### PROBLEM STATEMENT
When the line with "Венчални халки от" turns up below, begin repeating exactly, and carry on through the line with "These are all"; no pictures go into the copy.

### PROVIDED ENTRIES
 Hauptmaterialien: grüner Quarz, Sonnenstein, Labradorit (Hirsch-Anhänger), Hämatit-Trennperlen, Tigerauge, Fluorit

...

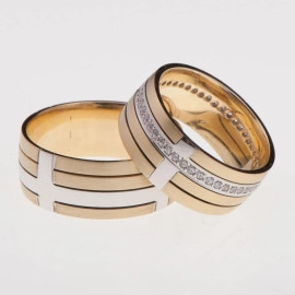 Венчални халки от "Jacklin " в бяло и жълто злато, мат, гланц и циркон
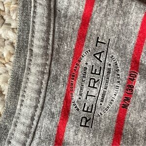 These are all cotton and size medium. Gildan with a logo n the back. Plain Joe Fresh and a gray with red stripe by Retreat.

==

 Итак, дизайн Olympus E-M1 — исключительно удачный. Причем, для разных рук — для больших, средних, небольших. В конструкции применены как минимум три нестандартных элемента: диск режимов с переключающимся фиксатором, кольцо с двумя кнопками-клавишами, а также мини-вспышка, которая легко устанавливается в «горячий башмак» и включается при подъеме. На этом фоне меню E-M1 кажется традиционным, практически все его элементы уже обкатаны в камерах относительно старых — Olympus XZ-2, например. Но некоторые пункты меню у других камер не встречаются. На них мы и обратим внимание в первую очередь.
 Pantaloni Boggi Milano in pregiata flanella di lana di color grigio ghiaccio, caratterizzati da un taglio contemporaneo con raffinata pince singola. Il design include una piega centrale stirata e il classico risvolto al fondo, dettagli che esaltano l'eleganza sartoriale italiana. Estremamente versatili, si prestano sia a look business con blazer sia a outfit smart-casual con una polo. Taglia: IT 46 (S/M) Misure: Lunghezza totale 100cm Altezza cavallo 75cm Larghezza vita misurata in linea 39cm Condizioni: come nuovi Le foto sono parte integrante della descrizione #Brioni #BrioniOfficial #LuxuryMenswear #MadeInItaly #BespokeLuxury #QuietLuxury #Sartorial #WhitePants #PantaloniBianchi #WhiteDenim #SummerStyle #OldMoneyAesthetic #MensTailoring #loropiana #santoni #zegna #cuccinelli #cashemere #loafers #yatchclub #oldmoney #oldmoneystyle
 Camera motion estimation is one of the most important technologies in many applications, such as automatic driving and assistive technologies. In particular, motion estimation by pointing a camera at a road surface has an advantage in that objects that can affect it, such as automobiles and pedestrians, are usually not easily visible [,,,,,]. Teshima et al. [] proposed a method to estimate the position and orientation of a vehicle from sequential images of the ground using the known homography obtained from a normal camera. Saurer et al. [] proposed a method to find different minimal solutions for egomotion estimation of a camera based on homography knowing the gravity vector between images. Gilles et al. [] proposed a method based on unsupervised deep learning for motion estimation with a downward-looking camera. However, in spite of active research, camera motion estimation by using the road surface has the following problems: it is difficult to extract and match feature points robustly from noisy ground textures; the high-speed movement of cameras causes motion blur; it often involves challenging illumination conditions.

### RESPONSE BELOW
 Венчални халки от "Jacklin " в бяло и жълто злато, мат, гланц и циркон
 These are all cotton and size medium. Gildan with a logo n the back. Plain Joe Fresh and a gray with red stripe by Retreat.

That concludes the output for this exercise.